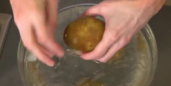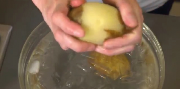 এখন এই সিধ্য করা গরম আলুকে ১০ থেকে ২০ সেকেন্ডের জন্য বরফের পানিতে রাখেন।
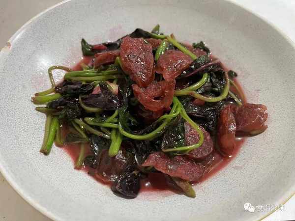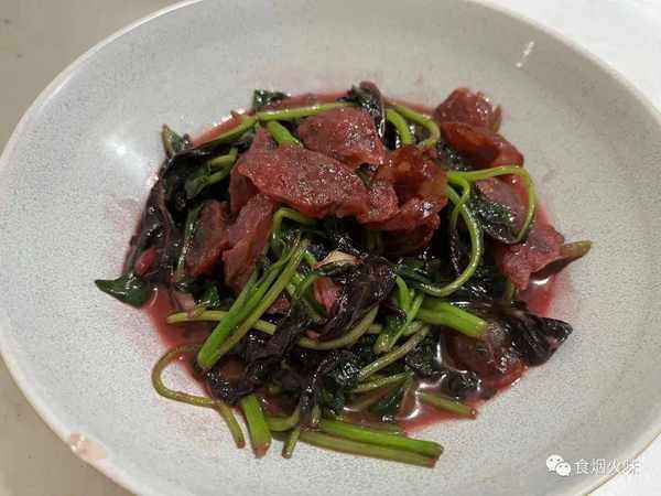 炒出來的莧菜味道特別的鮮,因為裡面加有臘肉,口感也是非常的棒。像莧菜中含有營養成分很高,現在也正是它的季節,平時遇到的話我們可以摘一點回來,這樣子炒一炒,既好吃又下飯。
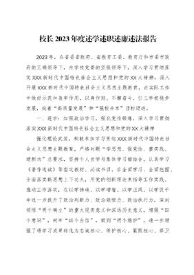 校长2023年度述学述职述廉述法报告2023年,在省委省政府、省教育工委、教育厅和市委市政府的正确领导下,在学校党委的坚强领导下,深入学习贯彻落实XXX新时代中国特色社会主义思想和党的XX大精神,深入开展XXX新时代中国特色社会主义思想主题教育,在实际工作中做好示范和表率作用,以身作则、不懈奋斗,引三学校稳步发展,向着高质量发展和强校升本目标迈进。一、述学:加强政治学习,强化党性锻炼,深入学习贯彻落实XXX新时代中国特色社会主义思想和党的XX大精神强化理论武装,积极参加学习贯彻XXX新时代中国特色社会主义思想主题教育,严格对照学思想、强党性、重实践、建新功总要求,坚持个人自学与集体学习相结合,认真学习《著作选读》等指定教材、必读书目,在全面学习、全面把握、全面落实新思想上下功夫,用党的创新理论来指导工作实践、推动工作落实,在以学铸魂、以学增智、以学正风、以学促干中进一步提升了政治判断力、政治领悟力、政治执行力,深刻领悟两个确立的重大现实意义和深远历史意义,增强四个意识,树牢四个自信,做到两个维护,进一步增强了将学习成果转化为忠诚核心、维护核心、紧跟核心、捍卫核心的思想自觉、政治自觉和行动自觉。带头搞好政治学习,认真讲好专题党课和思想政治理论课充分发挥示范带头作用。按照学校部署,全年参加党委理论学习中心组集中学习12期,讲党课3次,专题调研3次。深刻领会XXX新时代中国特色社会主义思想精神实质,把握精髓要义,全力贯彻落实,以主题教育为主线,全面对标对表,把推动学校高质量发展作为主题教育的着力点和落脚点,一体化推进理论学习、调查研究、检视整改等工作,努力办好人民满意的医学教育。二、述职:以重点项目为抓手,强基固本、深化内涵,全面提升人才培养质量全面落实党委领导下的校长负责制,认真履行校长职责。重点围绕双高计划和提质培优行动计划建设项目,引领学校行政管理工作的全面提升。(一)落实推进现代职业教育体系建设改革重点任务全面落实《加快推进现代职业教育体系建设改革重点任务工作方案》,组织各相关部门申报十大重点任务21项。职业教育信息化标杆学校、康养示范性虚拟仿真实训基地、职业教育药学专业教学资源库、诊断学课程和教材《生理学(第2版)》《外科护理(第2版)》《预防医学(第6版)》等7个项目获省级推荐。(二)全面提升人才培养质量落实国家教学标准。扎实推进2023级专业人才培养方案修订、实施与审核,制订人才培养方案41个,包括普通专科29个,中外合作办学3个,专接本科9个。落实人才培养方案公开制度,规范人才培养方案实施过程中的变更程序。创新人才培养体系。架构学校尚医德,重基础,强技能复合型高素质卫生健康人才培养体系。重点建设国家级高水平专业群1个、省域高水平专业群2个、校级骨干专业群2个。深入推动德智体美劳五育并举模式,以促进学生全面发展为目标,积极构建过程性与增值性综合评价体系。积极推广八段锦等特色体育项目,加强学生体育技能类项目培养,获足球技能省赛二等奖1项,中国大学生跆拳道锦标赛北方赛区三银一铜。完成河北省高校美育工作评估工作。制作劳动教育类资源。突出1+*证书培训内容与人才培养方案的有机融合,实施基于岗课赛证的医学类高水平专业群建设实践。全面深化三教改革。鼓励教师利用教学资源库MOOC等网上资源开展混合式教学。修订学校《技能大赛管理办法》,以赛促教,获全国职业院校技能大赛教学能力比赛二等奖,河北省教学能力比赛一等奖2项,二等奖3项,三等奖1项,实现教学能力比赛国奖零的突破。继续实施教学提质升级专项行动,申报课堂革命典型案例20个。与高教、人卫等出版社联合征集教材编写8批。通过加强技能训练、强化考前培训、实施联考代考制度等形式提升执考通过率,2023年护资考试通过率达94.52%。实施技能竞赛引领工程,承办全国职业院校技能大赛1项、省赛8项。斩获全国职业院校技能大赛一等奖2项,三等奖2项,河北省职业院校技能大赛一等奖10项,二等奖12项,三等奖5项,中药传统技能赛项和老年护理与保健赛项首次在国赛中取得一等奖的历史性突破。提高信息化教学水平。国家智慧教育平台上线精品课61门。获批国家级精品在线开放课程3门,省级优质专业教学资源库1个,精品在线开放课程9门。在河北省教师教学信息化交流活动中获一等奖2项,二等奖3项,三等奖9项。全面推进创新创业教育。双创大赛实现国奖零突破。在挑战杯赛事中荣获国赛一等奖1项,省赛特等奖2项,省赛一等奖3项,省赛二等奖2项,省赛三等奖12项。在学创杯赛事中获得国赛一等奖1项,省赛一等奖1项,省赛二等奖1项,省赛三等奖4项。在互联网+赛事中获得省赛二等奖2项,省赛三等奖1项。(三)提升校企合作水平实施校院(企)联合培养。与北京红十字会急诊抢救中心爱尔眼
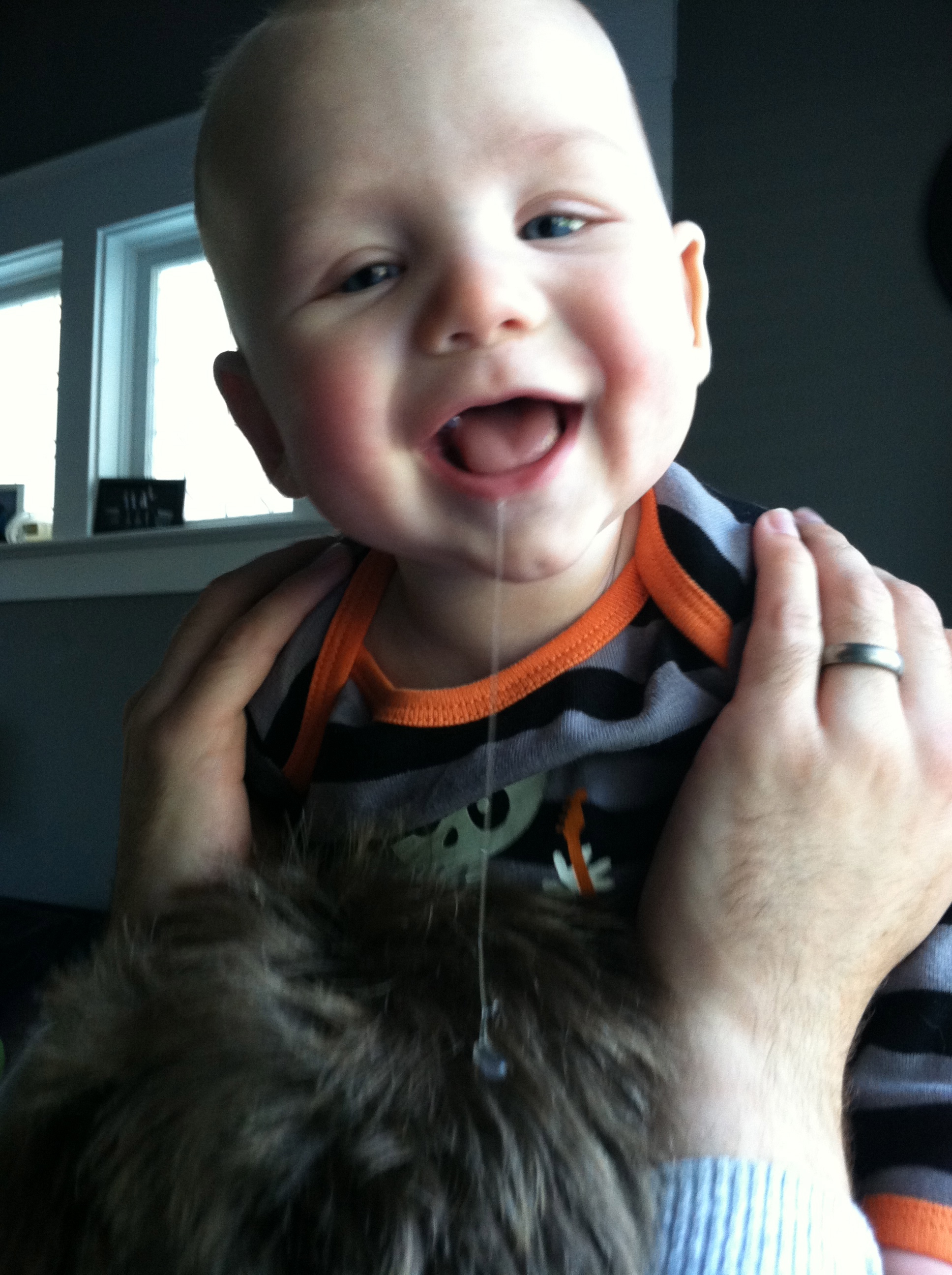 Just last night he was bouncing around on Jacob’s shoulders, and I caught the most awesome thing…. drool!
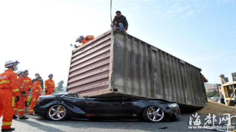 Audi és konténer szokatlan találkozása. És ami a legerősebb, hogy a Shanghaiist tudosítása szerint az autó két utasa kisebb sérülésekkel megúszta az esetet. Mondjuk autót azt valószínűleg vehetnek újat. (via Jalopnik)

#### Exercise description:
Here the job is to output the lines from the top of the listing through the line holding "炒出來的莧菜味道特別的鮮,因", word for word and without pictures.

#### Worked solution:
 এখন এই সিধ্য করা গরম আলুকে ১০ থেকে ২০ সেকেন্ডের জন্য বরফের পানিতে রাখেন।
 炒出來的莧菜味道特別的鮮,因為裡面加有臘肉,口感也是非常的棒。像莧菜中含有營養成分很高,現在也正是它的季節,平時遇到的話我們可以摘一點回來,這樣子炒一炒,既好吃又下飯。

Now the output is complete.